▶ [COLLECTED MATERIAL]:
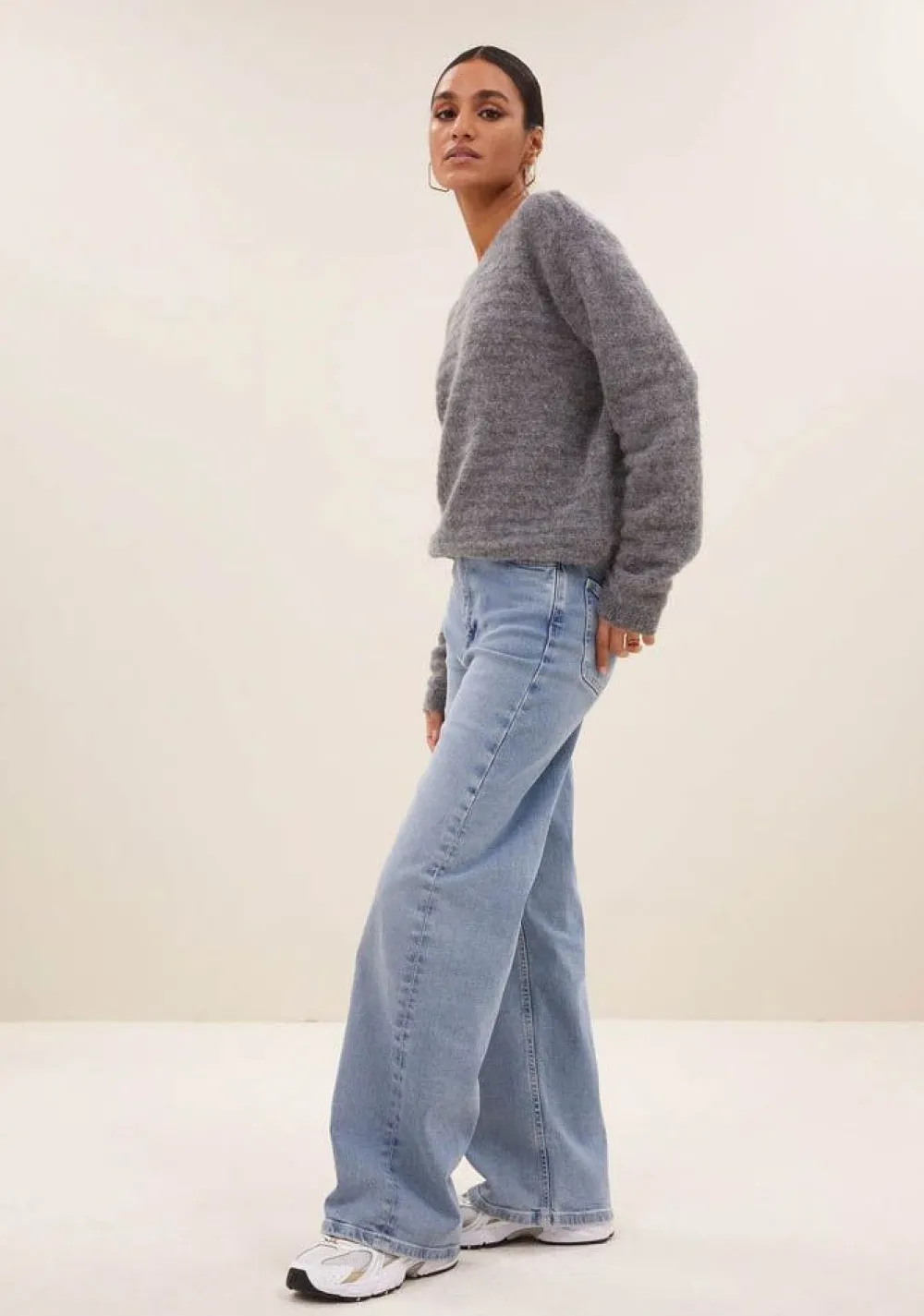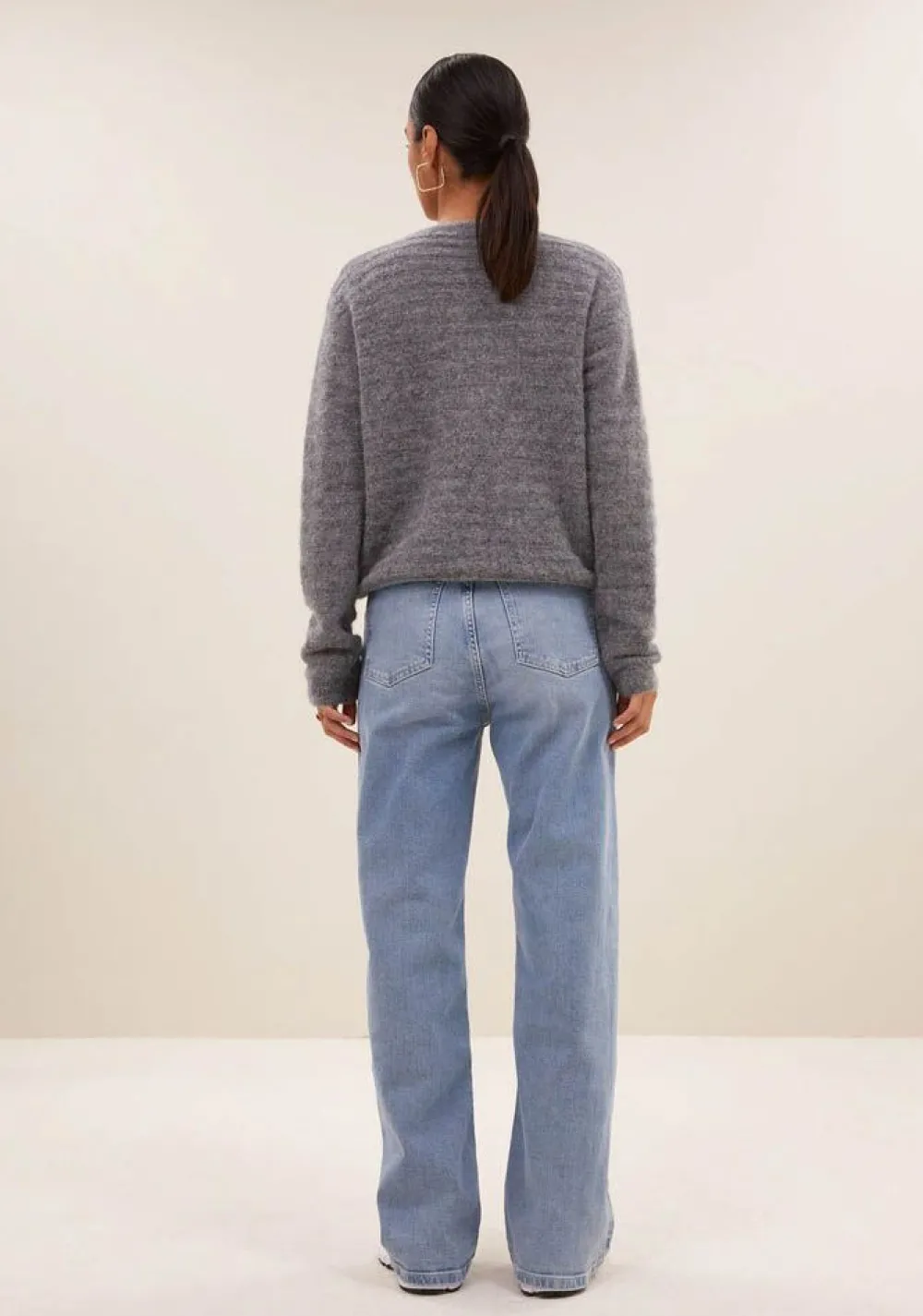– Het model is 1.75m lang en draagt maat S
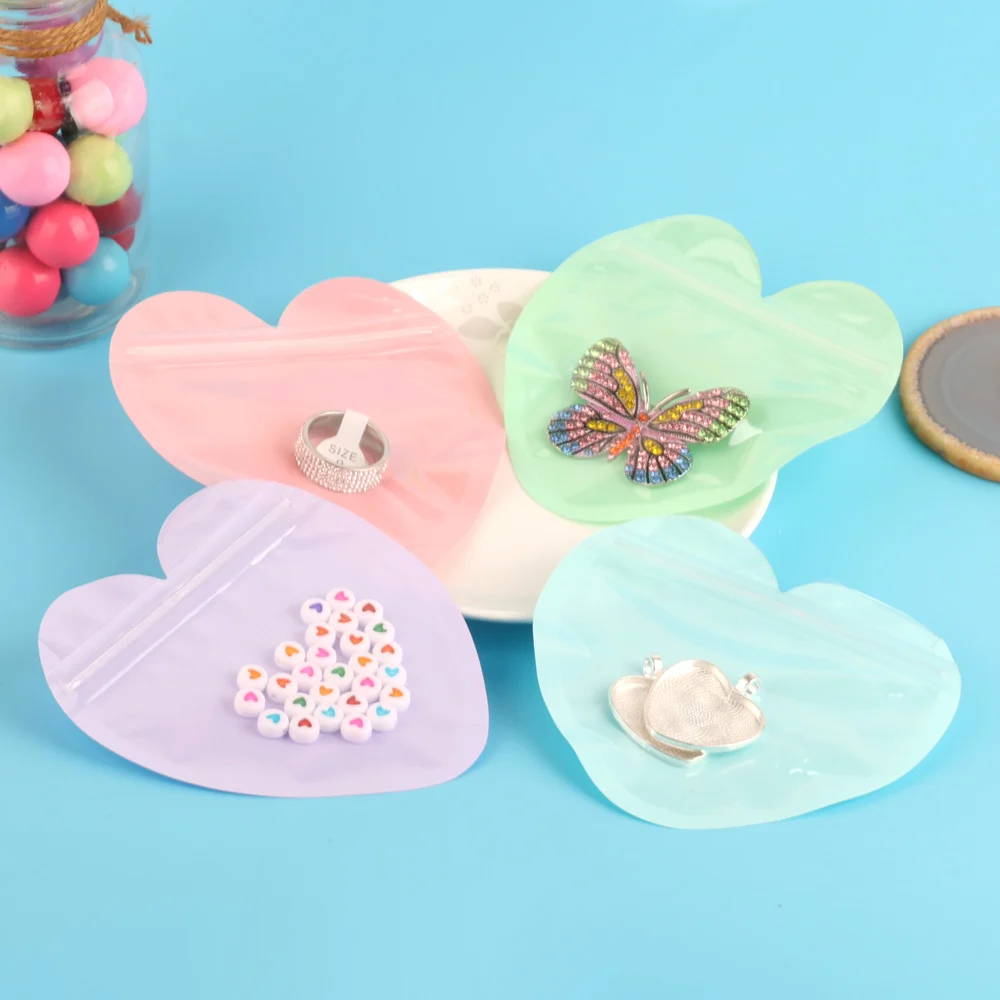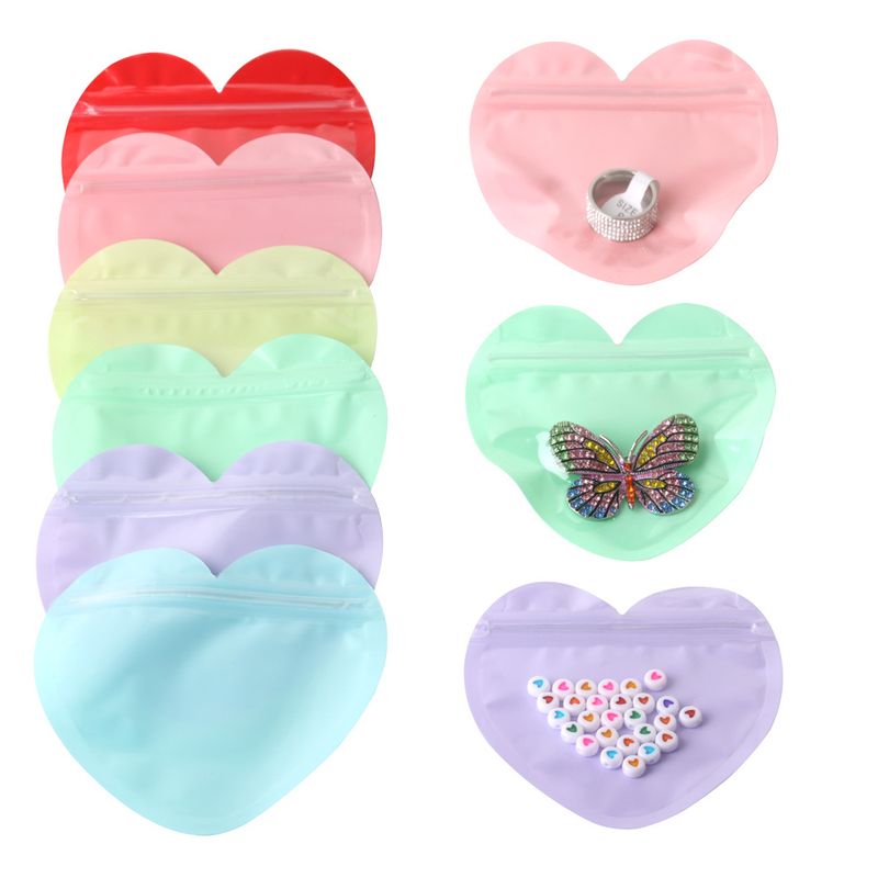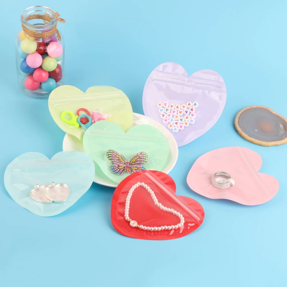 · Name:10pcs/50pcs Heart Shaped Sealing Jewelry Pouches Bag Transparent Plastic Durable Zipper Lock Convenient Packaging Bags Wholesale
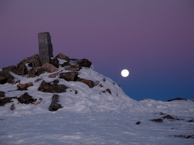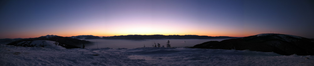 Spicha si dávame vo Vrútkach pod kostolom. Teplomer hlási neľútostných -15°C a hodinky ešte neľútostnejší čas 03:15. Naše kruhy pod očami hovoria za všetko a chabý úsmev na tvári je skôr výsledkom primrznutia mimických svalov ako ozajstnej radosti z pohybu na rannom vzduchu. Ale kto sa dal na boj, musí bojovať. Tak vyrážame zahrievacím tempom na Piatrovú, odkiaľ nás už ďalej povedie modrá značka. Čoskoro nechávame za sebou posledné chaty a pouličné lampy a bočíme na lesný chodník. Kým si oči trochu privyknú na šero a kým sa mesiac prehupne ponad horizont, pomáhame si čelovkami. Aj napriek tomu sa mi dvakrát takmer podarilo nabiť si hubu a vypichnúť ľavé oko. Les na mňa pôsobí hrôzostrašne. Nie som síce nejak extrémne paranoidná, ale asi by som pre istotu mala prestať pozerať tie treťotriedne horory. Nerobí to dobre mojej psychike. Snažím sa preto vytrvalo držať krok s mojím parťákom, veď vo dvojici máme hádam väčšiu šancu ubrániť sa lesným príšerám.Chodník nás prudkým stúpaním vedie cez les a ako motivácia sa nám občas odhalia výhľady do doliny, do jasnej noci vytrvalo svietia svetlá civilizácie. No nemôžeme sa pridlho kochať, sme limitovaní časom východu slnka. Ak to nestihneme, budem mať čo robiť, aby som sa ubránila nasr...ému chlapovi (nasrdenému), ktorého som zbytočne vytiahla o pol tretej z postele. A tak sledujeme vyšlapaný chodník, na ktorom mesiac pomedzi stromy vytvára záhadné obrazy. Míňame Diaľnu a po vyše dvoch hodinách sa konečne dostávame nad hranicu lesa. Načase, lebo od východu sa už nad horami začína nebo sfarbovať ružovými farbami. Najprv zvažujeme pre istotu rozložiť pozorovací tábor už tu, ale nakoniec sa mi darí presvedčiť nás obidvoch, že to ešte stihneme vyšlapať na vrchol, kým sa slnko prehupne cez horizont. Nasadzujeme zrýchlené tempo, popri kanóne v sedle Okopy len prefrčíme (teda aspoň ja; kamarát stíha aj vytiahnuť statív a fotiť).

▶ [INSTRUCTIONS FOR THE TASK]:
Give back exactly the lines from the first line of the data through the line with "Packaging Bags Wholesale", pictures excluded.

▶ [REPLY]:
– Het model is 1.75m lang en draagt maat S
 · Name:10pcs/50pcs Heart Shaped Sealing Jewelry Pouches Bag Transparent Plastic Durable Zipper Lock Convenient Packaging Bags Wholesale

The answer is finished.